--- INPUT MATERIAL Enclosed Below ---
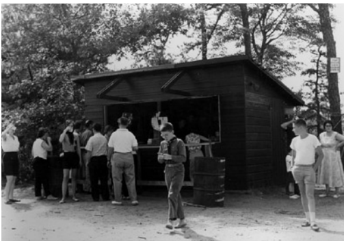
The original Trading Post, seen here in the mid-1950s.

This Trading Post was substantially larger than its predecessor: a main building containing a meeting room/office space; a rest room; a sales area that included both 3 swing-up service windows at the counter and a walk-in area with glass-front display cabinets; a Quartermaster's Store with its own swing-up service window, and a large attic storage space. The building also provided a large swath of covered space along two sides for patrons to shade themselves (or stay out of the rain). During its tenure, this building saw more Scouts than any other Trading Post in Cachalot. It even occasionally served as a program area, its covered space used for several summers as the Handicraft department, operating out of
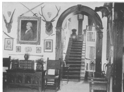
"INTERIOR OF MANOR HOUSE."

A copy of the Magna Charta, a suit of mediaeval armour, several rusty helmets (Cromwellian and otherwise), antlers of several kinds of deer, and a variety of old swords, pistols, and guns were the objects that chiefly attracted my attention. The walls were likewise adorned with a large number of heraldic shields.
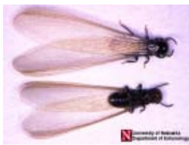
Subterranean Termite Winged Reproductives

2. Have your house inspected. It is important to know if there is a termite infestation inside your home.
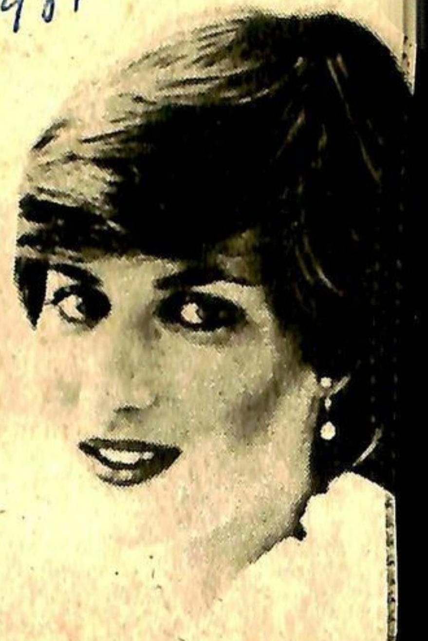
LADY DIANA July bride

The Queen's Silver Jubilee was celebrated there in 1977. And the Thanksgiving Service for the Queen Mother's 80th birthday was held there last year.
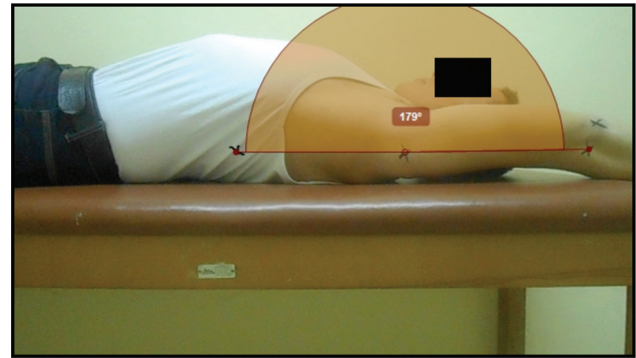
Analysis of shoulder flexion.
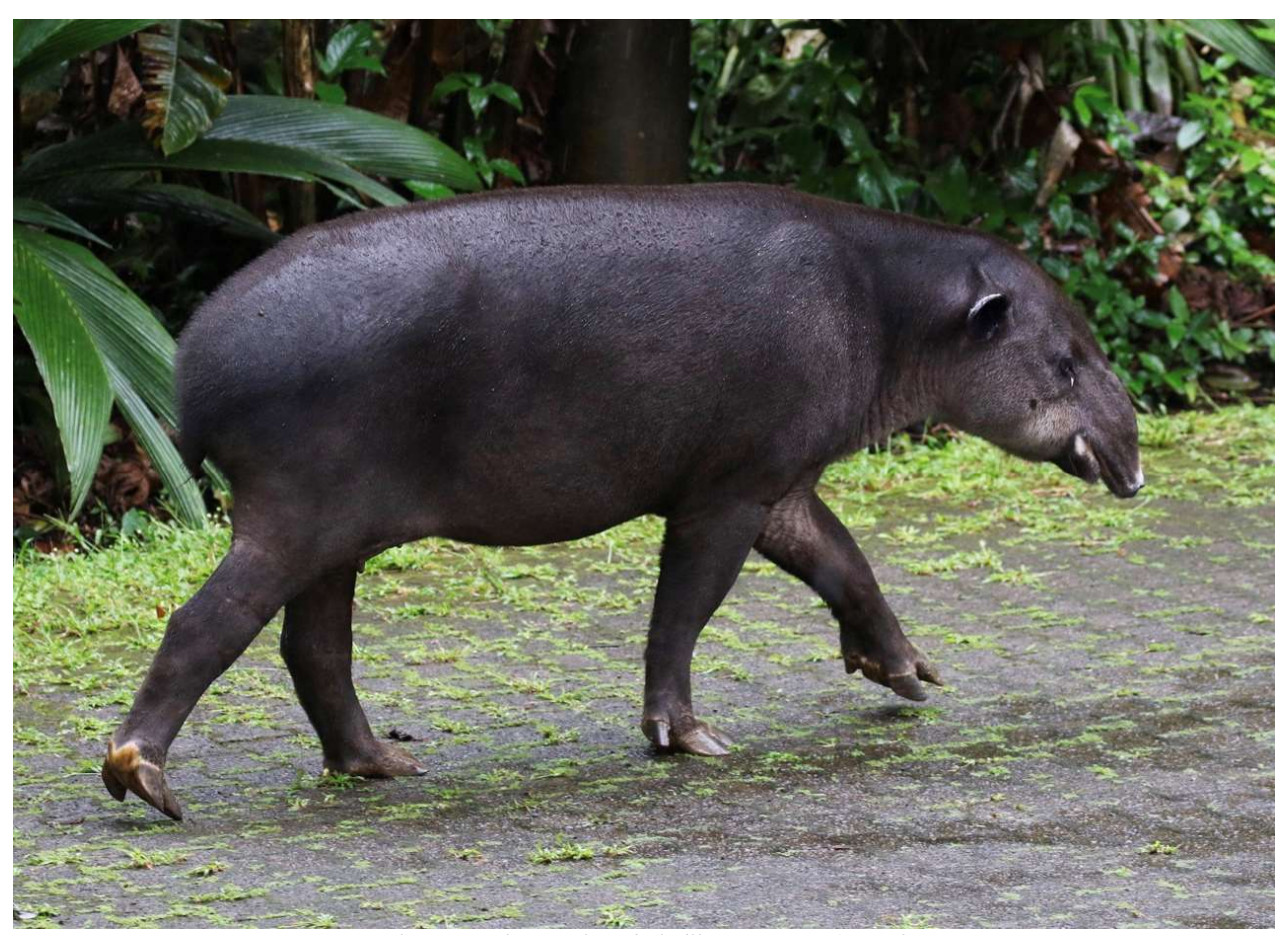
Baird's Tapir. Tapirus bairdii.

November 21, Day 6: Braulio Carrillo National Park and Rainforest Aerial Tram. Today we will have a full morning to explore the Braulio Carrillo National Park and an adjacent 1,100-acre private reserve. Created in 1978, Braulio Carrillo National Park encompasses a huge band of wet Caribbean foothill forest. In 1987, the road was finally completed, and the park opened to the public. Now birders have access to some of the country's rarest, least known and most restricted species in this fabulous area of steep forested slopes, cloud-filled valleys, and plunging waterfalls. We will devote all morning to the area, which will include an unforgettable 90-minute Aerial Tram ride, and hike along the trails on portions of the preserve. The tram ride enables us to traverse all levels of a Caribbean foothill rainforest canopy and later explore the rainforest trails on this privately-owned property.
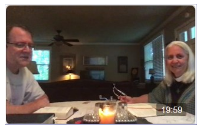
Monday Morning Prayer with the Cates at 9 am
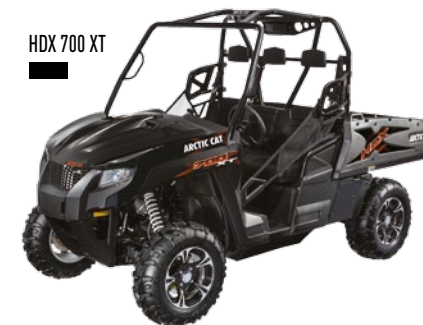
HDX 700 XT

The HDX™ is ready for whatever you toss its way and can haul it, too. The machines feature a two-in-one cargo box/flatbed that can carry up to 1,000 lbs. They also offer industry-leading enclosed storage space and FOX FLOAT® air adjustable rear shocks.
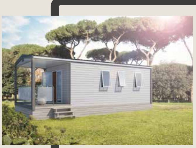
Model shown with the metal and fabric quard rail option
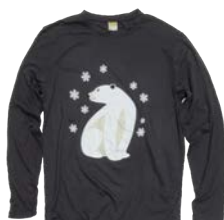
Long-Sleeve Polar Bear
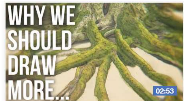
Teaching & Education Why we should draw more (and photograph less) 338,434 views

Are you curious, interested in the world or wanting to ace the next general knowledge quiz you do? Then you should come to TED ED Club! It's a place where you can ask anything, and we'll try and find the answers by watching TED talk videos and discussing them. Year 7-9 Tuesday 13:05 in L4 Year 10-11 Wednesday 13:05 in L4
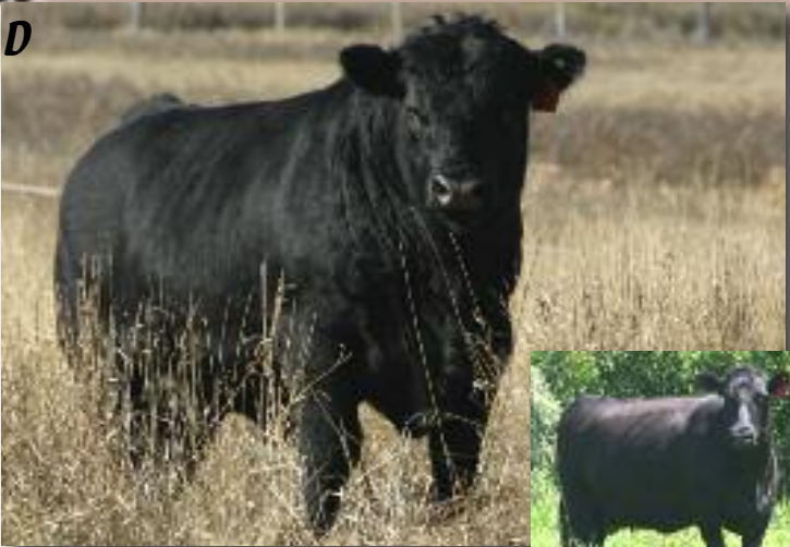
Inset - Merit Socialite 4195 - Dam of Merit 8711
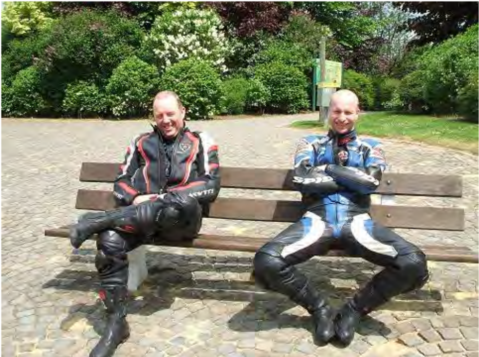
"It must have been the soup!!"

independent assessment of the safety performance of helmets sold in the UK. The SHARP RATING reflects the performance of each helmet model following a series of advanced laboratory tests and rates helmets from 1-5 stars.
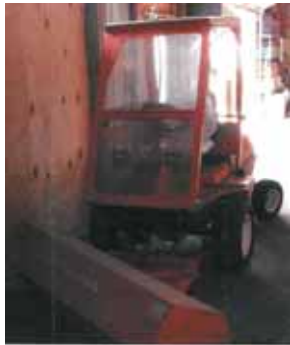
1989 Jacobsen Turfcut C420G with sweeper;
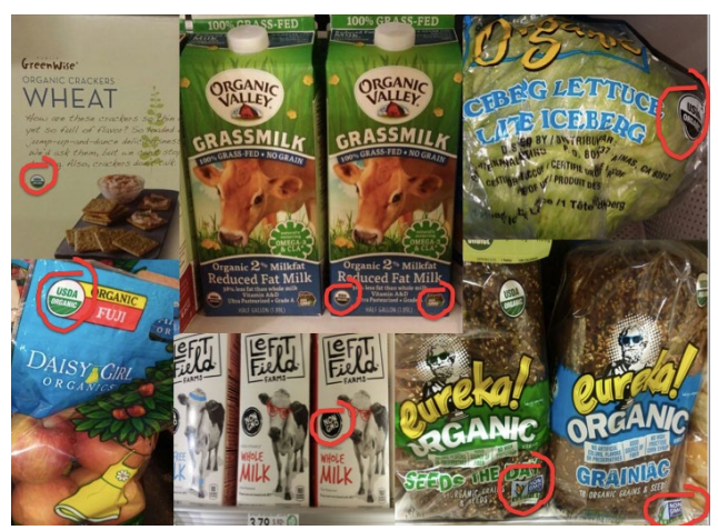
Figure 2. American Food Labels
--- End of Enclosed INPUT MATERIAL ---
■ GOAL OF THE EXERCISE ■
Say only how many lines among the entries above contain the string "there".

■ RESULT ■
2